Наследник - Славин Лев Исаевич (книги без регистрации полные версии .TXT) 📗
– Не повторяй слова Кипарисова, – грубо перебил меня Стамати, – не попугайничай. Довольно тебе носиться с собой. Слушай лучше, что я тебе скажу. Я выпросил у наших ребят одну вещь. Они разрешили, чтобы ты помогал мне. Я буду работать в армии. Но ты забыл, Сергей? Я вижу, что ты совершенно забыл, что мы сегодня призываемся? Где ж твоя голова?
Я со стыдом признался, что я действительно забыл. Как я мог забыть! Ведь все, что произошло за последние три недели, все это случилось из-за войны, все было порождено войной: и посещение врача, и дружба с Гуревичем, и ссора с Кипарисовым из-за души, и то, что я стал лживым, грубым, распутным, несчастным, – все драки, увлечения, обиды, измены. Я подивился силе войны, которая с таким шумом ворвалась в маленькую жизнь восемнадцатилетнего мальчика и, еще не ранив его, даже не тронув из родного дома, уже переломила его характер, загрязнила мысли, поссорила с друзьями, сунула в петлю, война – интриганка, воровка, убийца, война – сводница!

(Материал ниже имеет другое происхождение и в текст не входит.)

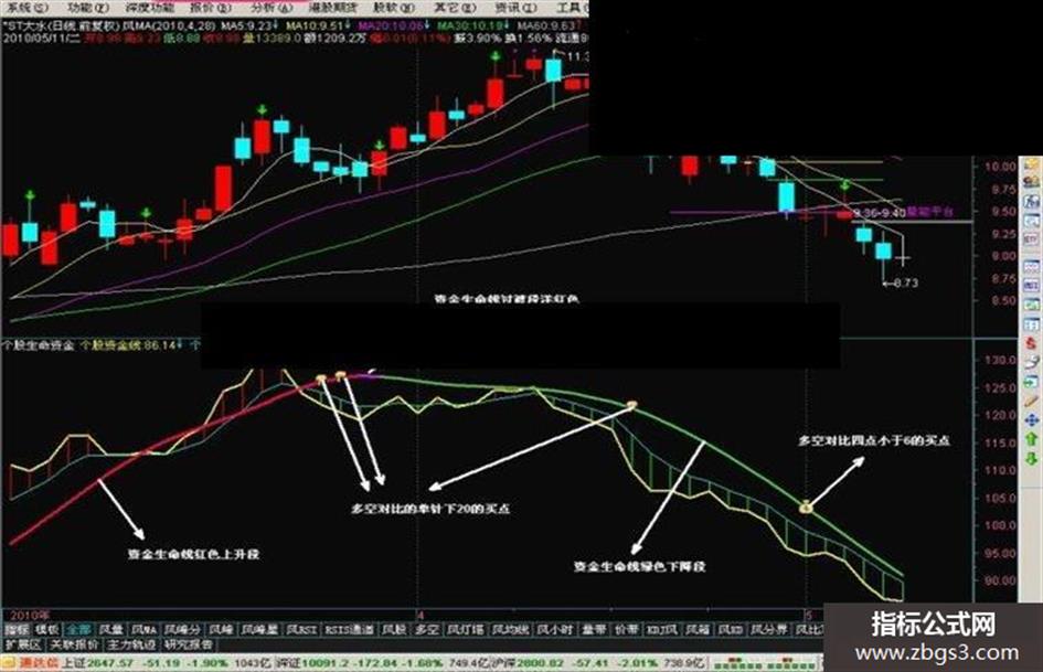 IF(资金生命线<=REF(资金生命线,1),资金生命线,DRAWNULL),COLORGREEN,LINETHICK2;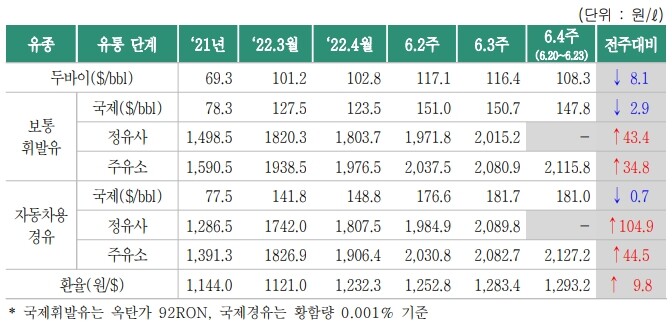 국제 휘발유 평균 가격은 지난주보다 2.9달러 낮아진 배럴당 147.8달러, 국제 자동차용 경유 가격은 0.7달러 내린 배럴당 181.0달러를 각각 나타냈다.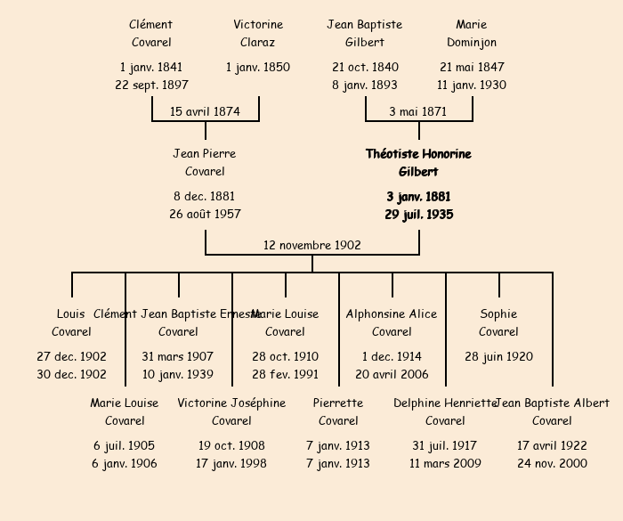 Epouse : Théotiste Honorine Gilbert (21 ans, née le 3 janvier 1881 à la Rochette), fille de Jean Baptiste (décédé le 8 janvier 1893 à La Rochette) et de Marie Dominjon |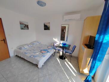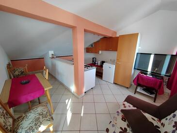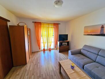 Ferienwohnung bietet Platz für 5 Gäste. Die Betten sind in Schlafzimmern, die es 2 gibt, und in Wohnzimmer, innerhalb einer Gesamtfläche von 70m2, angeordnet. Die Gäste haben eine eigene Terrasse zur Verfügung, auf der sie in warmen Sommernächten genießen können. Es ist erlaubt, Speisen auf dem Gemeinschafts-Grill vorzubereiten. In der Unterkunftseinheit besteht die Möglichkeit des Mitbringens von Haustieren gegen Aufpreis.

Пока мы с Володей передвигались к воротам сада, с той изумительной остротой, какую иногда приобретает мозг в минуты возбуждения, я постиг скрытую связь между событиями и войной. А так как я думал, что знаю истинные причины войны, то мне нетрудно было вообразить отдаленные истоки поступков – провести, например, причинную линию от Катиной неверности к индустриальному перепроизводству Великобритании и в жесте Третьякова, когда он замахнулся над побледневшей щекой Рувима Пика, разглядеть борьбу держав за передел Африки. Мне казалось, что я постиг происхождение своей ужасной бездеятельности, ибо как я мог опрокидывать соперников или спасать погибающих, если величие Третьякова, как и падение Рувима Пика, зависело не от блеска или, напротив, ничтожества натуры, а от оперативных замыслов маршала Жоффра или от размеров выплавки чугуна в Верхней Силезии.
– Все детерминировано, – прошептал я, потрясенный этими мыслями. – Но где же пределы воли? Можно ли построить счастье, победу, любовь? Стоит ли желать?
Я чуть не вскрикнул от мучительного чувства прозрения. Никогда воздух не был таким прозрачным, не пели птицы с такой откровенностью, так легко и понятно не ложились на лица прохожих доброта, усталость или смирение. И я увидел вдруг то, что коверкает жизнь мою и других, я увидел врага в лицо и назвал его по имени (какое счастье, я недаром читал книги!) – огромный, несправедливый капиталистический строй! Как бы мне не забыть этого, не утерять этого знания в шуме и возне жизни, в сытости, в женских объятиях, кому бы мне дать клятву – страстную клятву молодости, которая ненавидит несправедливость!
– А вдруг нас не возьмут в армию, забракуют? – сказал я с испугом, потому что теперь мне страстно хотелось попасть в самую сердцевину войны.
Я представлял себе, что в окопах я сумею изучить этот вопрос, как в лаборатории; очищенная от крови, от стратегии, от героизма, война представлялась мне университетским семинарием по кафедре политической экономии.
– Не беспокойся, – ответил Стамати, – теперь берут всех, даже явных калек.
Он остановился и заботливо помог мне пристегнуть подтяжки.
– Какую же работу тебе там поручила организация? – спросил я, с нетерпением заглядывая Володе в глаза.
– Только без вопросов, – резко сказал он, – пожалуйста, приучайся держать язык за зубами!
Он взял меня под руку, и так, тесно прижавшись друг к другу, бессознательно шагая в ногу, мы прошли через город, внимательно вглядываясь во встречных солдат и офицеров, и остановились перед серой, дикого камня стеной. Это было воинское присутствие.
Стамати храбро шагнул вперед. Калитка с громом отворилась. Повеяло ржавостью, махоркой, сквозняками.
Двое часовых, не поворачивая головы, диким излетом глаз глянули на нас. Рядом босой солдат рубил поленья с протяжными звуками, как если бы у него гудела селезенка. Увидев нас, он отложил топор и принялся чесать себя под мышками.
– Завшивел я здорово, – с доброй улыбкой пояснил он, – проведешь рукой по затылку – трешшит.
Калитка захлопнулась. Мы покинули мир Штатских и вступили в мир Армии.